L’Initiative Atlantique, annoncée par le roi Mohammed VI en novembre 2023, vise à offrir au Mali, au Niger, au Burkina Faso et au Tchad un accès direct à l’océan Atlantique via un réseau de corridors logistiques aboutissant au futur port de Dakhla. Les études de faisabilité et l’avant-projet détaillé ont été achevés en 2024, et l’accord intergouvernemental encadrant l’Initiative a été entériné lors du sommet de la CEDEAO de décembre 2024, avant d’être formellement signé par les chefs d’État et de gouvernement de la Communauté le 19 juillet 2026 à Freetown17. Ce calendrier n’est pas exempt d’aléas : le Maroc et la Mauritanie devaient encore, à la date de rédaction de cette note, procéder à la signature lors d’une cérémonie ultérieure. Il n’en reste pas moins que l’Initiative a franchi, en 2026, une étape institutionnelle que le TSGP n’a pas encore franchie côté nigérien et nigérian : l’adhésion formelle de l’ensemble des partenaires régionaux concernés à un cadre juridique commun.
Cette architecture diplomatique s’appuie sur une infrastructure physique déjà tangible. Le chantier du port Dakhla Atlantique, engagé en 2021, affichait un taux d’avancement global supérieur à 60 % en juin 2026, avec 85,4 % pour le viaduc maritime et une mobilisation continue d’environ 1 800 ouvriers ; l’achèvement des travaux est prévu fin 2028, pour une mise en service en 202918. Ce port est conçu comme le point d’ancrage maritime de l’ensemble du dispositif de désenclavement du Sahel.
Le second pilier de l’architecture marocaine est énergétique. Le gazoduc Afrique-Atlantique (AAGP), qui a succédé au projet initialement dénommé Nigeria-Maroc et a été rebaptisé en janvier 2025 pour souligner sa dimension continentale, doit relier le Nigeria aux marchés ouest-africains puis européens sur un tracé côtier d’environ 6 900 kilomètres, pour une capacité annoncée de 30 milliards de mètres cubes par an et un coût estimé à 25 milliards de dollars. L’accord intergouvernemental encadrant le projet a été signé par les chefs d’État de la CEDEAO le 19 juillet 2026 à Freetown — le même jour que l’accord relatif à l’Initiative Atlantique — tandis que la décision finale d’investissement est attendue au quatrième trimestre 202619. Le début des travaux est projeté entre 2027 et 2028, pour une livraison des premiers volumes autour de 2031 — un calendrier qui reste, comme celui du TSGP, soumis à d’importants aléas de financement et de sécurisation, notamment dans le golfe de Guinée.
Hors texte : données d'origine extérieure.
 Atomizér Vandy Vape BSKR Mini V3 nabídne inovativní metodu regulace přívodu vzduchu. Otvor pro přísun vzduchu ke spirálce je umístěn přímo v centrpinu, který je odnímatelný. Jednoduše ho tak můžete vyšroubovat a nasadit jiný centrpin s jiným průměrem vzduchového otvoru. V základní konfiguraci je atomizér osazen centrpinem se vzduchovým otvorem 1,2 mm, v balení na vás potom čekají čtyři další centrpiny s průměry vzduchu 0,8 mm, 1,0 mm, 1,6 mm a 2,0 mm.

Il serait inexact de présenter l’AAGP comme un simple projet de transport gazier. Le projet est conçu par ses promoteurs comme une architecture associant énergie, infrastructures portuaires et routières, industrialisation locale du gaz, intégration des marchés ouest-africains et connectivité numérique — une logique proche de celle qui avait, dans les années 2000, présidé à la conception du TSGP lui-même, mais que le Maroc articule aujourd’hui avec un réseau de corridors terrestres et portuaires déjà en construction, alors que le tracé continental algéro-nigéro-nigérian reste, pour l’essentiel, à l’état de chantier naissant sur son seul segment algérien.
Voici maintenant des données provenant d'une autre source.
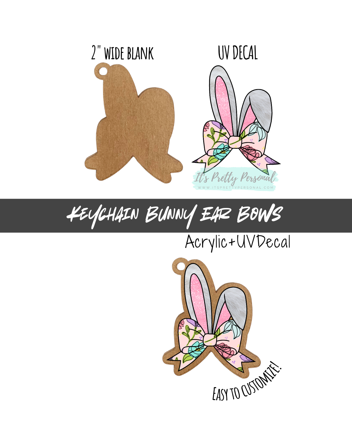 #27 KEYCHAIN BLANK- "BUNNY EAR BOWS"- UV DTF + Acrylic Blank

Cette dynamique d’infrastructure se double d’une diplomatie économique active. Le groupe OCP, qui détient environ 70 % des réserves mondiales connues de phosphate et fournit 42 % des engrais phosphatés importés par le continent africain, poursuit un plan d’investissement de 130 milliards de dirhams à l’horizon 2030, incluant une levée obligataire hybride d’1,5 milliard de dollars en 2026, sursouscrite 4,6 fois par 176 investisseurs de 23 pays20. Sur le plan diplomatique, le rapprochement avec le Mali s’est traduit par la relance, en juillet 2026, de la Grande Commission mixte bilatérale — restée inactive pendant vingt-six ans — et par l’ouverture continue de consulats africains à Laâyoune et Dakhla, portant leur nombre cumulé à 27 en 202621. Cette dernière dynamique consolide, capitale après capitale, la reconnaissance de la souveraineté marocaine sur le Sahara occidental — un terrain sur lequel l’Algérie, comme le montre la position malienne d’avril 2026, a enregistré un recul.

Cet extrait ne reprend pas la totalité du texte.